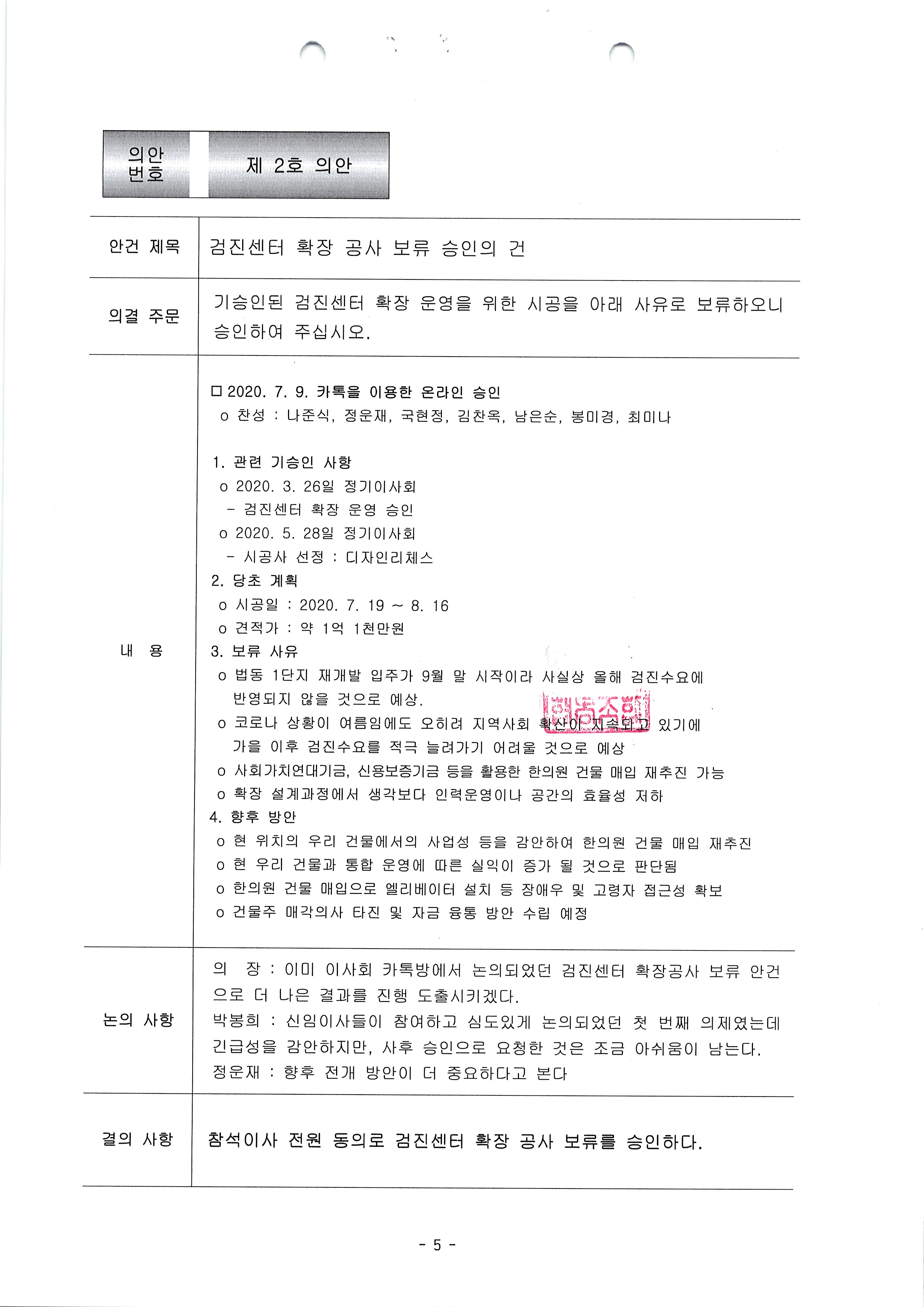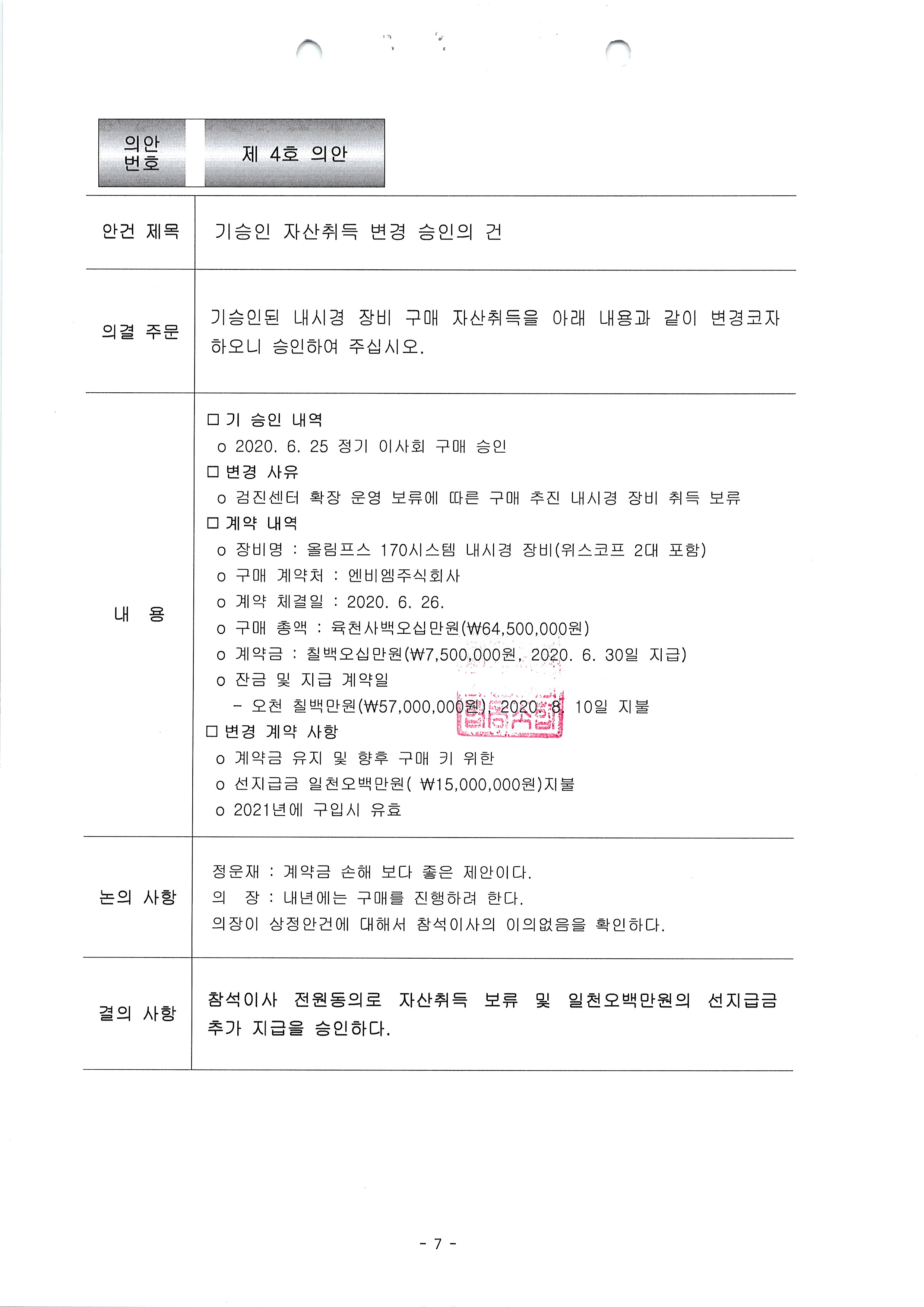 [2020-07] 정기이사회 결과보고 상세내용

...

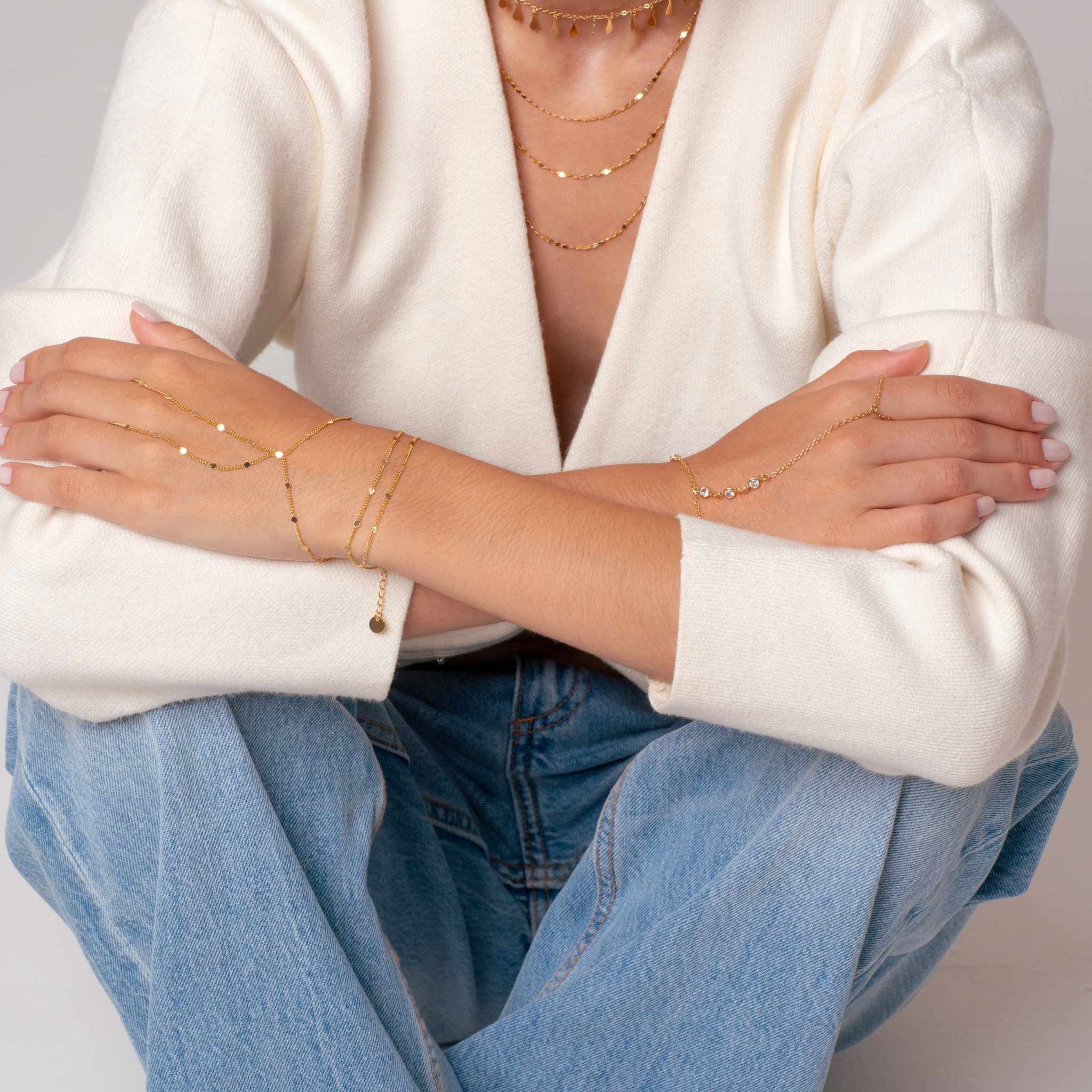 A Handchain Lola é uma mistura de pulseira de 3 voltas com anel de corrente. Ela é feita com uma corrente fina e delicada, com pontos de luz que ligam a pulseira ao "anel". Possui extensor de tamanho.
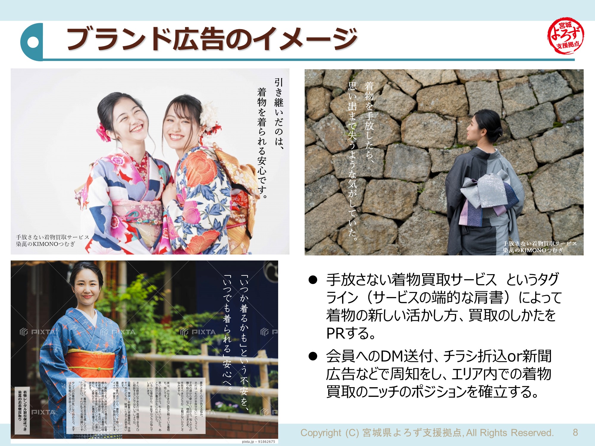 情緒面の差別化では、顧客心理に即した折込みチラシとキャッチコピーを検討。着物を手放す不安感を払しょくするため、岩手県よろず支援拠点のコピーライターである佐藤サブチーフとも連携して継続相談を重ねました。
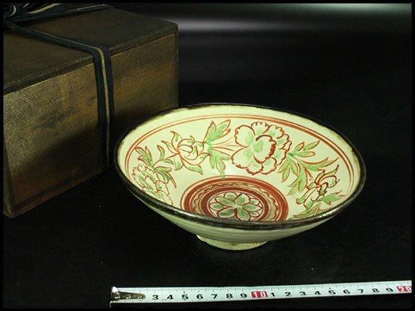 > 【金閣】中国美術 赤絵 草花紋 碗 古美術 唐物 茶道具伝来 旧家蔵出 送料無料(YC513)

==

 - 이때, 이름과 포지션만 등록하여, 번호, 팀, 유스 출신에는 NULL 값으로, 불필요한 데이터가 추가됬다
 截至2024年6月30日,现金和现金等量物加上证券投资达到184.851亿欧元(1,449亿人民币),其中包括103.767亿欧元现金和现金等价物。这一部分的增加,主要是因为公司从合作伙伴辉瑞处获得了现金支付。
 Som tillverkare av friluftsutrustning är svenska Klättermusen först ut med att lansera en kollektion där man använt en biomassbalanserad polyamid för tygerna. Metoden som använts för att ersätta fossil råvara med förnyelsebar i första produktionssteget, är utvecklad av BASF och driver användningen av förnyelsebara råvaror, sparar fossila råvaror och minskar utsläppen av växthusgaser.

YOUR ASSIGNMENT >>
Reprint exactly the lines above that start at the one with "- 이때, 이름과 포지션만" and end at the one with "截至2024年6月30日,现", keeping both and adding none.

TASK OUTPUT >>
 - 이때, 이름과 포지션만 등록하여, 번호, 팀, 유스 출신에는 NULL 값으로, 불필요한 데이터가 추가됬다
 截至2024年6月30日,现金和现金等量物加上证券投资达到184.851亿欧元(1,449亿人民币),其中包括103.767亿欧元现金和现金等价物。这一部分的增加,主要是因为公司从合作伙伴辉瑞处获得了现金支付。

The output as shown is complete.